The only times when an update broke a lot of stuff for me is 1. The infamous grub update which never happened again 2. Thunderbird dropped GTK support, not an Arch problem 3. I didn’t update for quite a while and had to do package replacements, which were automated by the package manager but was scary 4. Budgie and GNOME conflicted with each other. Weren’t very significant
Reaper is as easy to install on Linux (any distro) as it is on Windows or OSX. Any packaged versions of it, other than the tar file that you can download from Reaper.fm, are maintained by a third party and have nothing to do with the distribution.
PS: IMHO, you want tools like Reaper and Bitwig to install directly unto your system rather than Snap, Flatpak, etc., due to the low level audio hardware interaction.
I’m not touching flatpaks or snaps with a ten foot pole, and I have the same experience as you. Switched to EndeavourOS a few years back after having been a Debian (and Synaptic) advocate for almost 10 years.
The AUR is great, and the Arch wiki is a flipping treasure trove. I can hardly imagine going back, certainly not on my work station. Servers will probably be fine running Debian for another few years.
What is it about flatpaks that bothers you? I am curious. My experience with them is good, except that are sometimes slower to launch.
For certain low level applications, flathab may not work but for most cases, flathub is fine.
The second scenario is for something not even in flathub but is available in the aur which is signal desktop beta. The other day I installed this by typing
paru signaland scrolled up and found signal desktop beta right there and pressed the appropriate number to install. This is much more efficient to install. If I were on my friend’s linux mint computer I would have to find the github and follow instructions to manually add the package.I am comfortable doing both methods but my point is that users generally want the lowest resistance to new technology. Linux is supposed to be efficient and easy to use not having to look up guides when the Windows way is downloading and running a simple .exe.

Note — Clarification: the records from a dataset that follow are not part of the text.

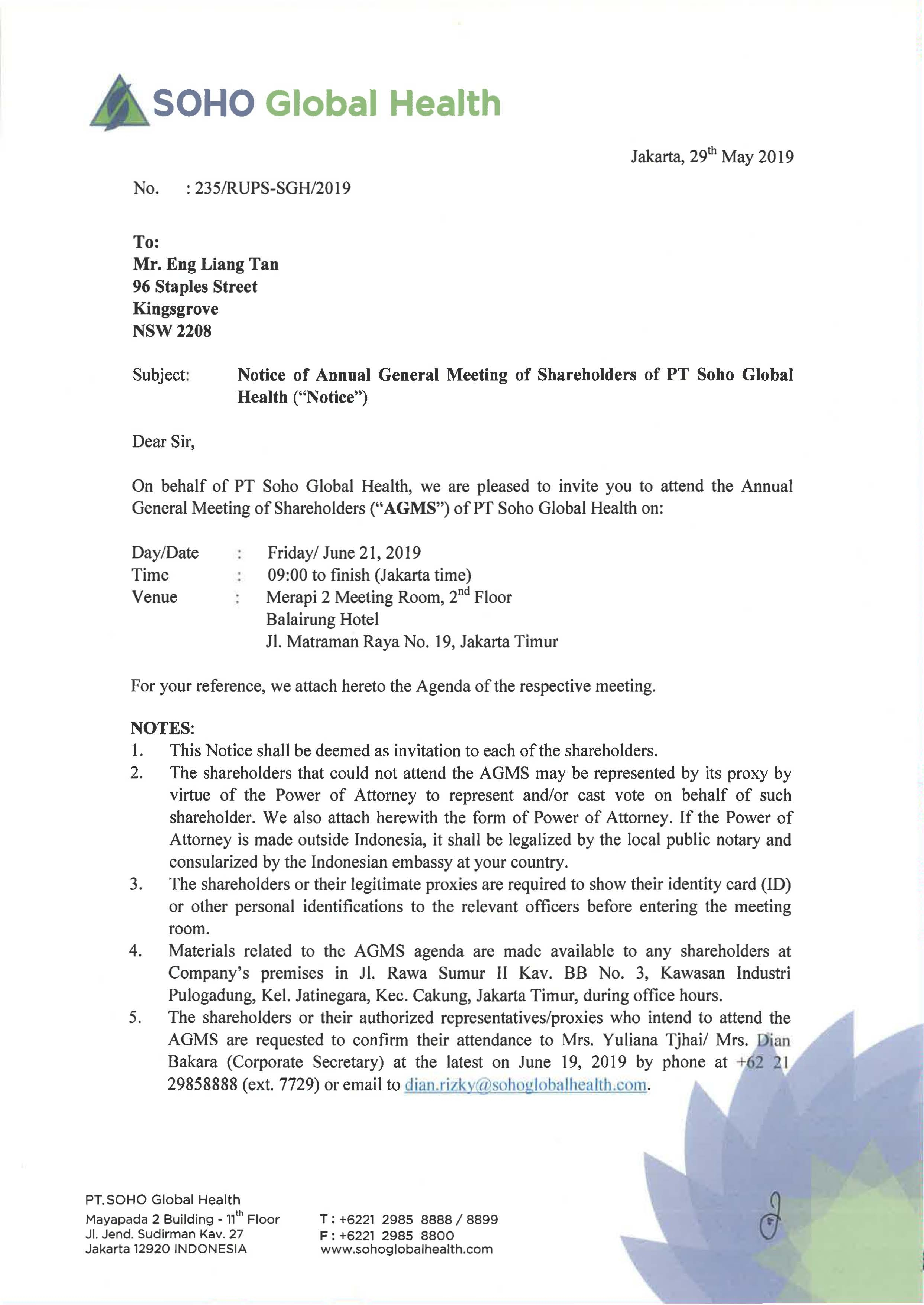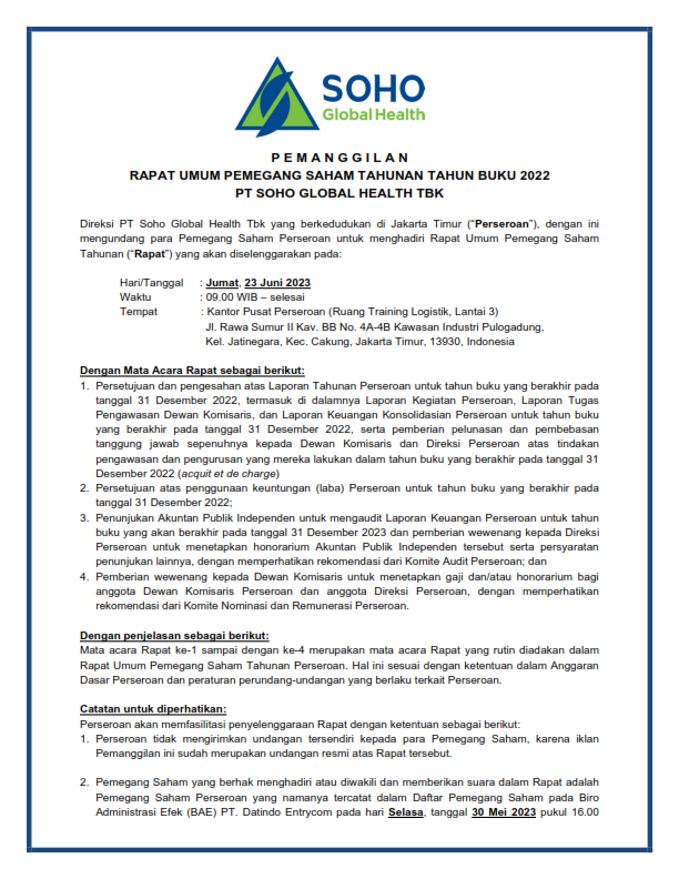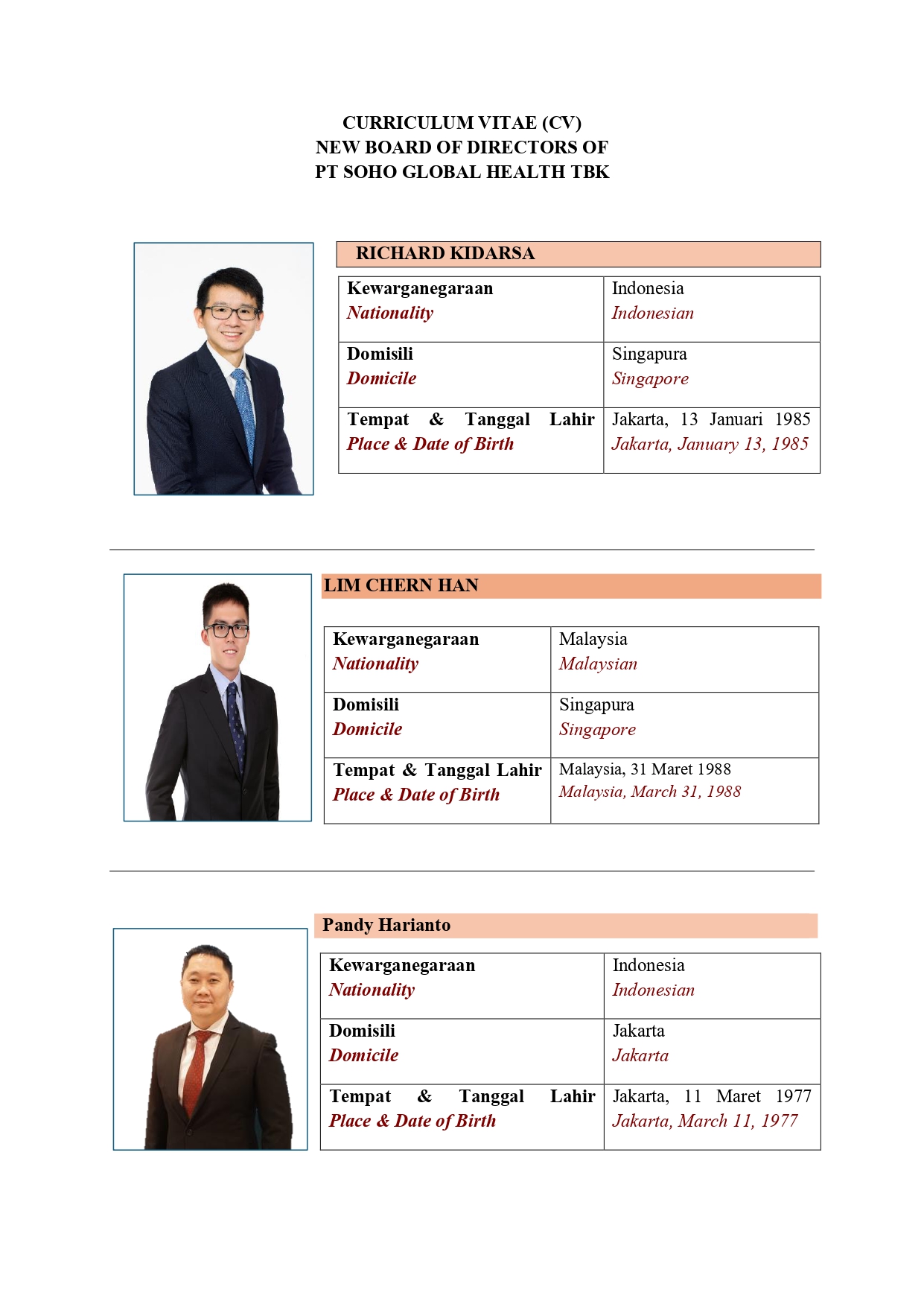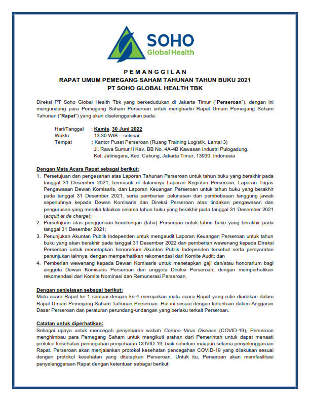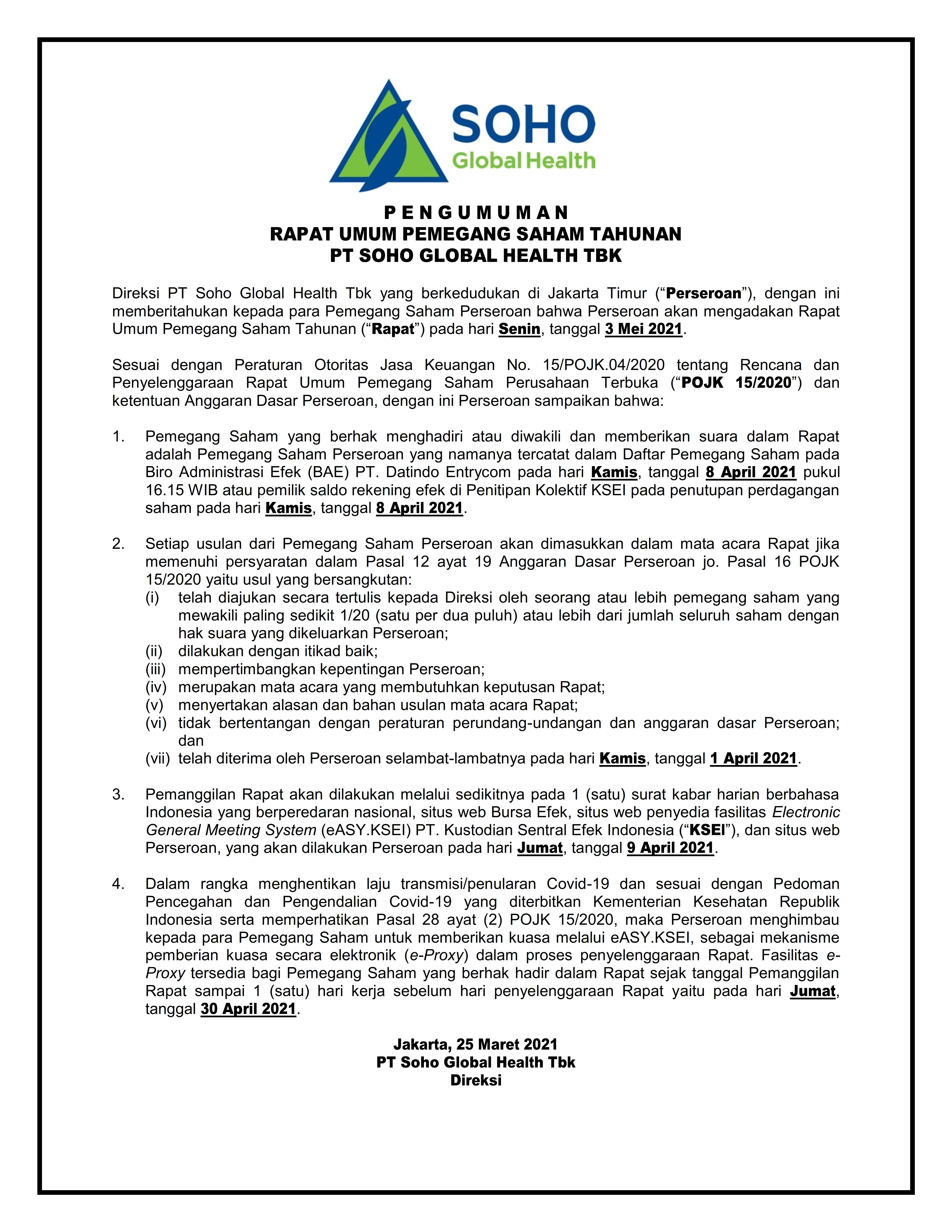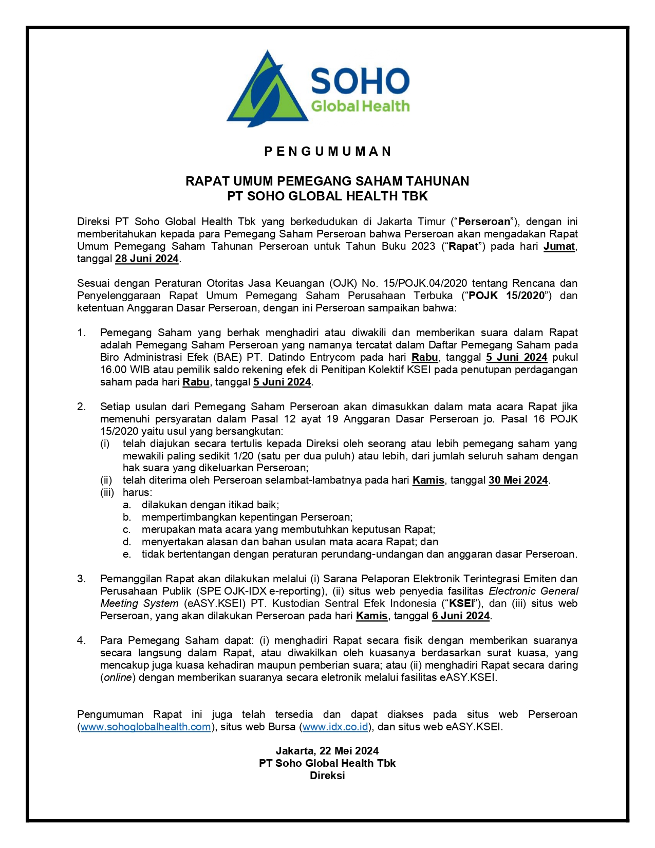 | Contact | Corporate Secretary Tel : 62-21-2985-88888 Fax : 62-21-2985-8800 E-mail : corporate.secretary@sohoglobalhealth.com |
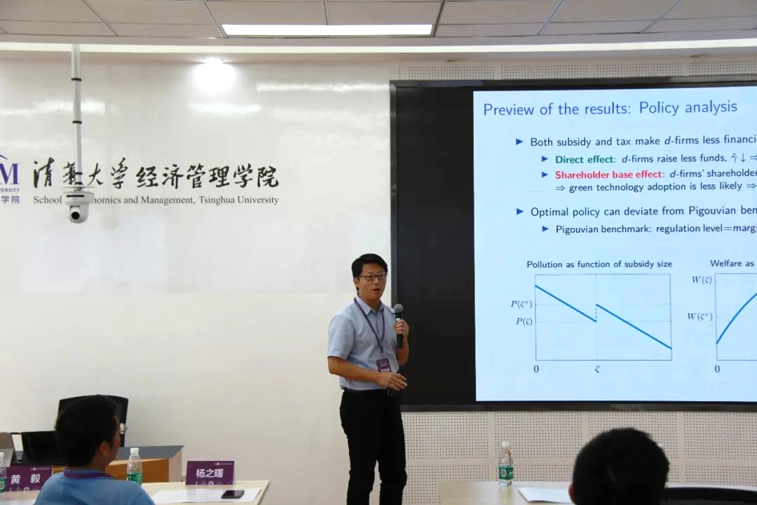 香港大学经管学院金融学副教授黄诗杨带来论文“Sustainable Finance under Regulation”(可持续金融监管)的主旨演讲。论文以投资者对环境法规的态度与绿色金融时代的最优监管方案作为切入点,讨论了没有环保政策,以及政府补贴与污染税两种不同政策下市场的最优解,结果发现对社会负责任的投资与政府干预是应对气候变化的有效方法。常规环保政策重塑了投资者的投资组合并打击了重污染企业,但也让那些企业失去了向可持续发展转变的想法。论文指出后续可以从投资者规模、政府承诺以及更具体的量化分析来继续改进。
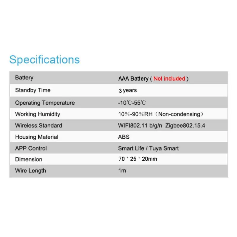 Длительное Время в режиме ожидания, больше беспокойства: низкое энергопотребление, в режиме ожидания до 1 года, не нужно часто заменять аккумулятор, когда батарея низкая, приложение push уведомление, пожалуйста, своевременно Замените аккумулятор
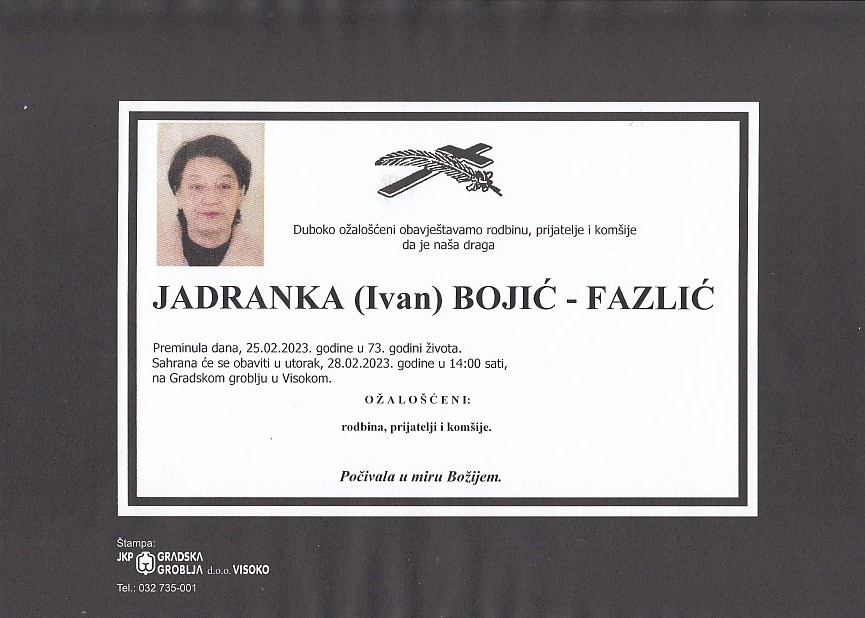 BOJIĆ-FAZLIĆ (Ivan) JADRANKA 28.02.2023. godine u 14:00 sati 27. Februara 2023. BOJIĆ-FAZLIĆ (Ivan) JADRANKA 28.02.2023. godine u 14:00 sati
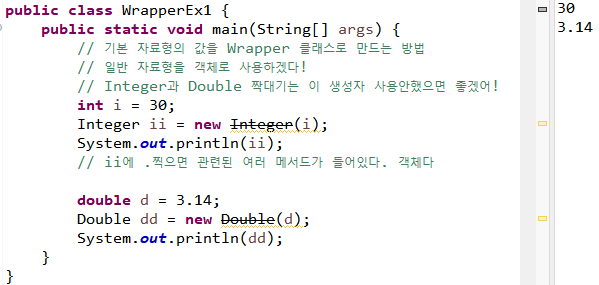 Wrapper클래스명 객체명 = new Wrapper클래스명(값);

Yeah, slow app launch for one thing. Lack of DE integration for another. Flatpak apps are so completely foreign elements in the distros I’ve used that I have no inclination to use them.
And the few times I’ve had to use on, it’s so bloated with redundant dependencies. I understand that flatpak apps will share dependencies within their ecosystem(?) but since they’re the exception to the rule on my system it never becomes a benefit.
Besides, as is OP’s point — I have the entirety of the AUR at my fingertips. Why would I bother with anything else?